Como Rhodes-Kropf, Brinckerhoff também tentou fazer o exame para o novo coronavírus e não conseguiu. Ela entrou em contato com o consultório de seu médico, que disse que ela “precisaria de uma exposição documentada a um caso confirmado”. Embora Brinckerhoff não tenha nenhum sintoma da doença e diga que não quer mentir a respeito, ela perguntou se poderia fazer o exame caso tivesse febre. “E eles disseram que não, pelos critérios atuais.” Então Brinckerhoff, como vários outros de seus colegas, passou horas tentando descobrir, sem sucesso, onde profissionais de saúde assintomáticos poderiam ser testados para o vírus.
Brinckerhoff está em trabalho remoto desde a última terça-feira (17). Porém, uma vez que os pacientes idosos frequentemente precisam de ajuda para comer, tomar banho e outras funções básicas, acabam tendo contato regular com uma equipe de enfermeiras, auxiliares e outros cuidadores – poucos dos quais poderiam ter acesso aos exames.
O mesmo se aplica aos familiares de quem os idosos dependem. “Todas as pessoas com demência precisam de alguém”, diz Virginia Templeton, diretora-executiva da MemoryCare, uma organização sem fins lucrativos em Ashville, na Carolina do Norte, que oferece cuidados ambulatoriais para pacientes com perda de memória e seus cuidadores principais.

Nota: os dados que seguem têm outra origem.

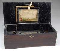 TWO JEWELRY BOXES AND FIGURAL DINNER BELL. 1) 5-1/2″ l brass turtle wind up dinner bell. By pushing down the turtles head, the tail moves and it rings. Marked “BOJ”. 2) 2″ h x 4-1/4″ w x 3-1/4″ d WMF decorated silver jewelry box. Top with a scene after a painting by E. Zamagois titled “La Demande En Mariage”. Bottom marked “OX” with the diamond WMF mark and “I/0”. Cloth lined and having its original key. 3) 2-1/2″ h x 3-1/2″ x 2-1/4″ small brass Victorian style jewelry casket. Rococo decoration with lions as legs and feet, scrollwork and lion head top. CONDITION: Very good. 9-744299-74430 (100-200)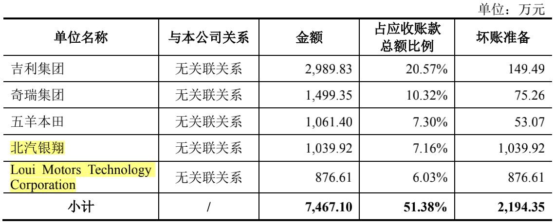 恒勃股份称,报告期各期末,除北汽银翔、重庆幻速与Loui Motors外,其余应收账款余额前五大客户均为公司销售收入前五大客户,公司与该等客户长期保持了良好的合作关系,发生坏账的风险较小。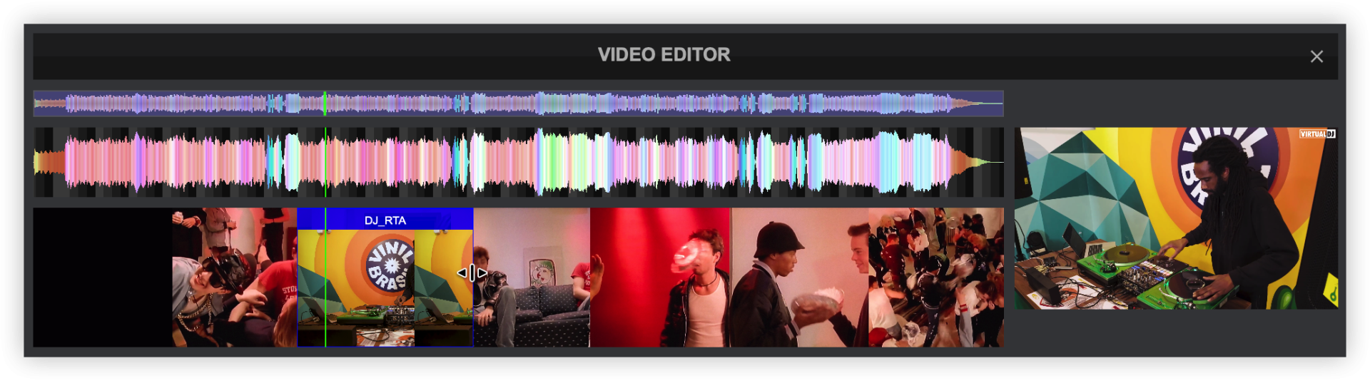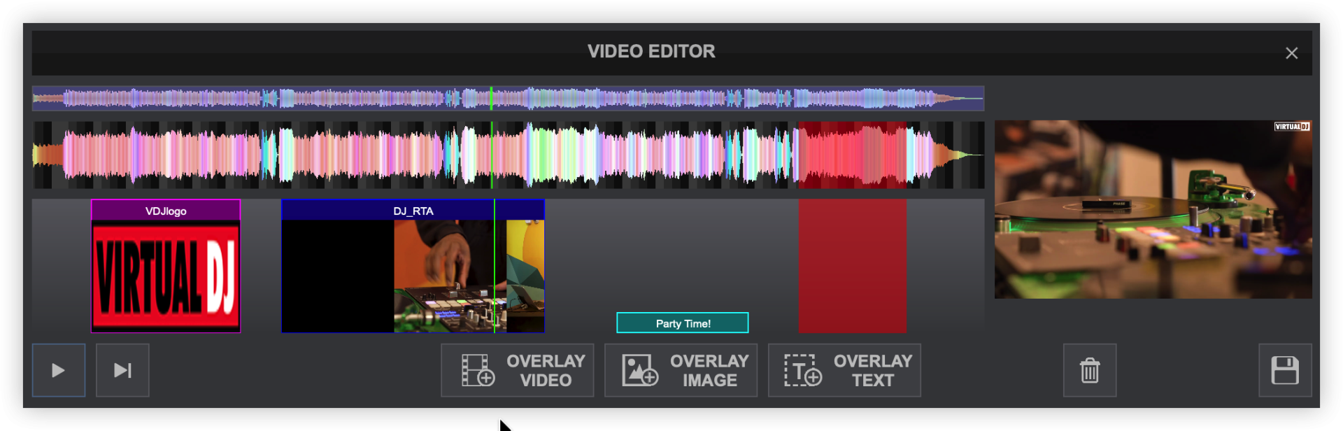 The Video Editor provides the ability to overlay video files and text over an existing Audio or Video track and is available as a Right-click option to any track in the File list. The process is non-destructive (does not alter the original file) and creates a special .vdjedit file that can be loaded to a deck and used in place of the un-edited original file.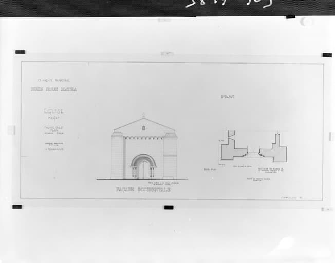 Projet pour la façade. Elévation et plan, par V. Danguin, en 1992.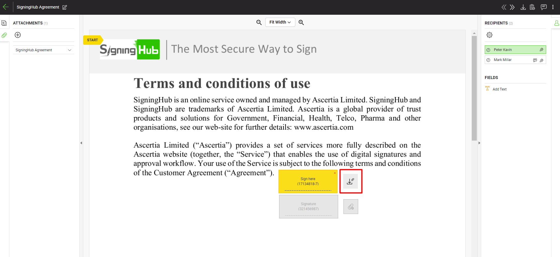 When you receive a document with attachment fields assigned to you, then you need to add attachment to these fields, as required by the document owner, before signing. This is to ensure that you have provided all the required attachments that are requested by the document owner. If the attachment field is compulsory, you will only be able to sign the document after you have added an attachment to the attachment field.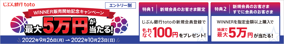 本キャンペーンでは、対象のスポーツくじ「WINNER」を購入されたじぶん銀行toto会員すべてのお客さまを対象に、購入金額に応じて、抽せんで最大現金5万円をプレゼントします。また、キャンペーン期間中にじぶん銀行totoに新規会員登録されたお客さまに、もれなく現金100円をプレゼントします。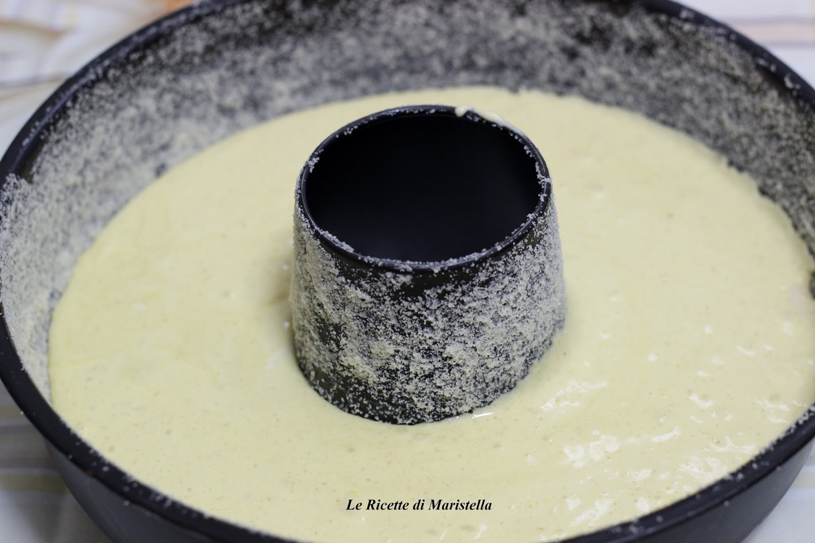 Versate l'impasto in uno stampo precedentemente imburrato e infarinato con la farina di mandorle.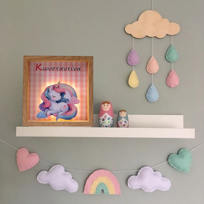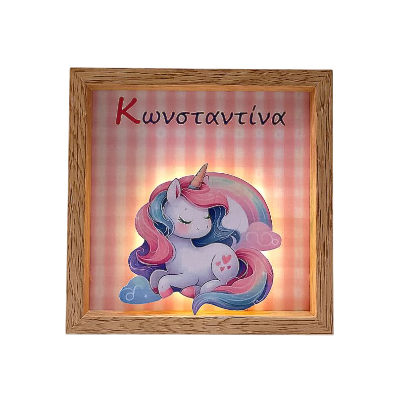 Επιτραπέζιο φωτιστικό κάδρο μονόκερος με όνομα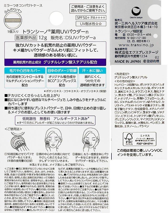 - https://www.daiichisankyo-hc.co.jp/products/details/transino_uv_powder/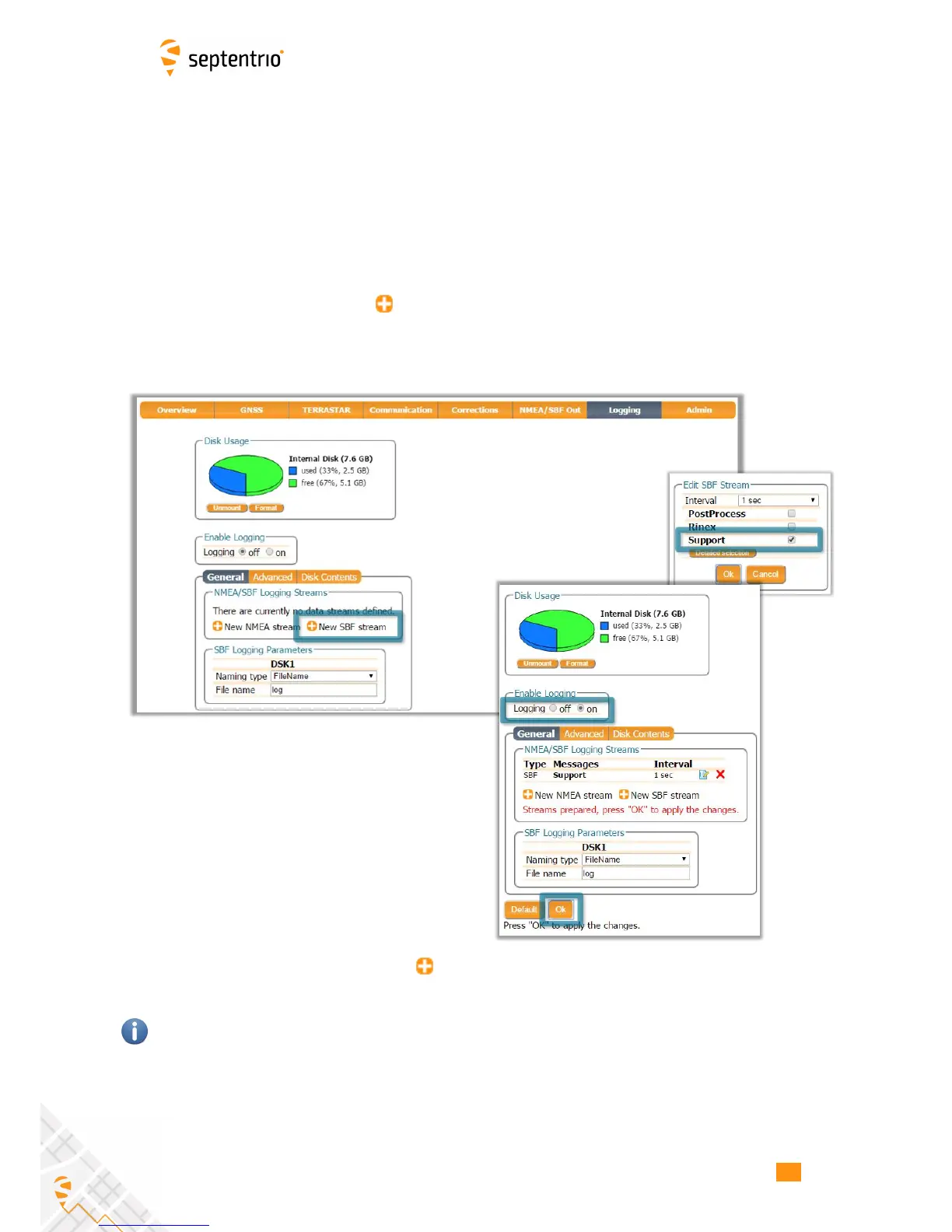 On the Logging page, click on New SBF stream. In the next window, you can select the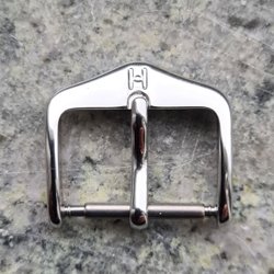 Klockspänne i vitmetall, Hirsch, 16mm, silverfärgat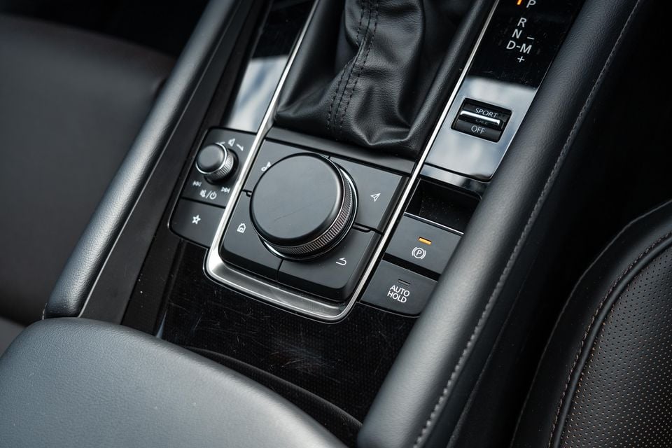 It won’t take long to notice how far away the infotainment system is on its perch atop the dashboard, however, nor will the fact that Mazda continues to rely on its centrally mounted rotary dial instead of touch.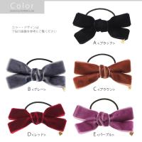ヘアゴム ベロア リボン シンプル チャーム付き ブラック グレー ブラウン レッド パープル BLAZE レディース ヘアアクセ 無地 シンプル 黒 ブラック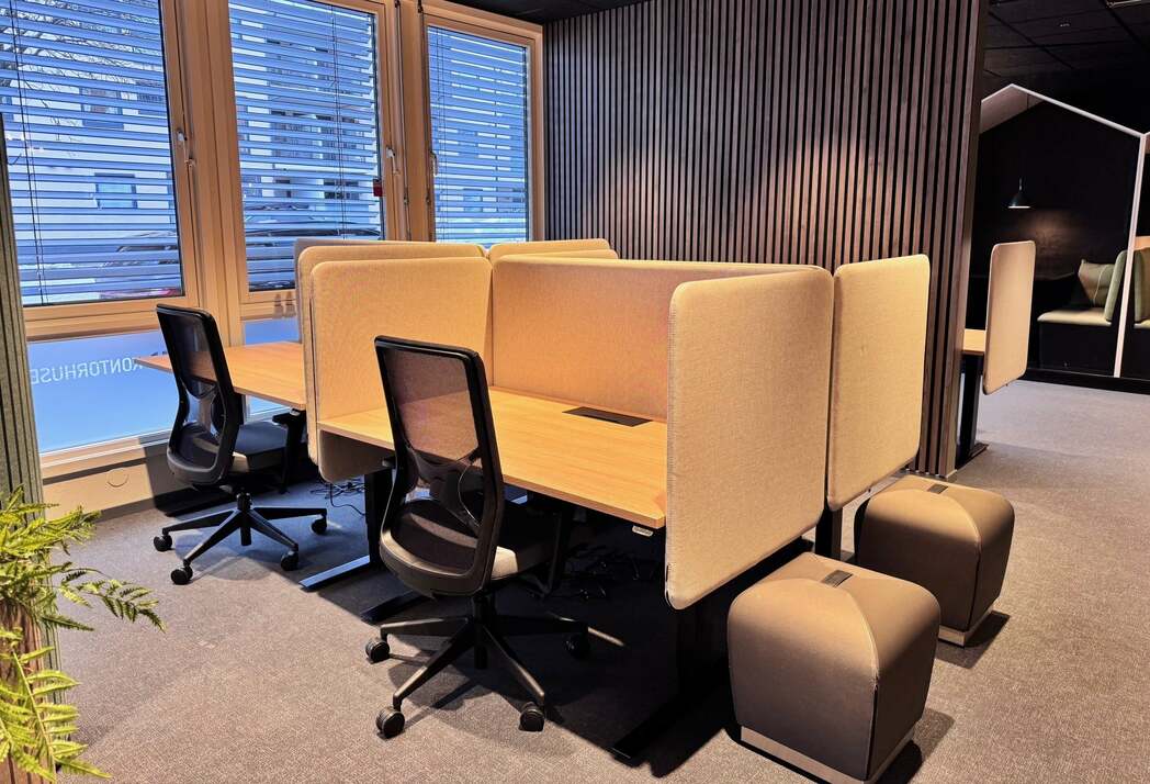 Ved å velge fast plass i åpent landskap får du din egen kontorplass, som kun disponeres av deg. Her kan du la PC-skjermen stå etter endt arbeidsdag. Du får også tilgang på et låsbart skap og stillerom.

A MemoryCare, como muitos estabelecimentos semelhantes, está agora no processo de converter suas consultas em telemedicina. Embora a temperatura de todas as pessoas que entraram no estabelecimento nos últimos dias tenha sido medida, “não é simples identificar os portadores se não há sintomas”. Templeton diz que não fez o exame porque não se enquadrava nos critérios, mas que mora com um familiar que é profissional de saúde de emergência.
Segundo o relatório do CDC publicado na última quarta-feira (18), funcionários da casa de repouso de Kirkland que foram trabalhar contaminados pelo vírus, juntamente com a escassez de equipamentos de proteção e a capacidade limitada de testagem, contribuíram para a letalidade do surto no estado de Washington. O relatório concluiu que os estabelecimentos de cuidados de longo prazo deveriam “identificar e excluir funcionários e visitantes potencialmente infectados, assegurar a detecção precoce dos pacientes potencialmente infectados, e implementar medidas adequadas de controle de infecção.” Não disse, no entanto, como os funcionários poderiam obter os testes.
Além disso, a recomendação da agência federal, publicada na quarta passada, chegou tarde demais para as casas de repouso nos estados de Vermont, Illinois, Colorado, Texas, Flórida, Oklahoma e Wyoming, que já estão reportando seus próprios casos de covid-19.